Daí a importância da prevenção, não só dos principais fatores de risco, que aumentam a chance de a pessoa ter um AVC, como pressão alta, diabetes, fumo, maus hábitos de vida, má alimentação, mas também estratégias para depois que a pessoa teve um AVC, de modo a prevenir para que não tenha um segundo acidente desse tipo.
“Aí acaba entrando também o projeto Ártemis-Brasil, porque cada indivíduo é único na sua genética. E a gente, entendendo melhor como são essas características, consegue fazer uma prevenção muito mais precisa para essa pessoa. Pode indicar um tratamento específico, um regime de exercícios, alimentação, com base nesse perfil,” explicou.

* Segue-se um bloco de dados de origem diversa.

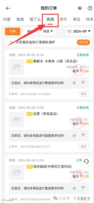 4、芒省真好省公众号点击 订单,购买返利直达账号提现!

Na avaliação de Ana Cláudia de Souza, vai ser um estudo único porque grande parte das pesquisas de genômica é feita nos países desenvolvidos, envolvendo populações europeias, norte-americana e até parte asiática. Não existem muitos estudos mostrando a diversidade da população latino-americana e brasileira. Com o Ártemis-Brasil, o país passa a integrar um grupo limitado de nações que investigam, em larga escala, a relação entre fatores genéticos e doenças cerebrovasculares. Uma vez concluído com sucesso no Brasil, a médica acredita que o estudo poderá ser estendido para a América Latina, por exemplo. “Ele tem potencial grande de, no futuro, a depender dos resultados, ser expandido para outras regiões que possam se juntar na iniciativa”.
O projeto também integra o Programa Genomas Brasil, que busca ampliar a diversidade genômica nacional, hoje pouco representada em estudos globais. Essa lacuna dificulta a construção de políticas e práticas clínicas que dialoguem diretamente com a realidade tão diversa da genética da população brasileira. Além da produção científica, a iniciativa prevê a capacitação de equipes do SUS em genética, aconselhamento genético e conceitos de medicina de precisão.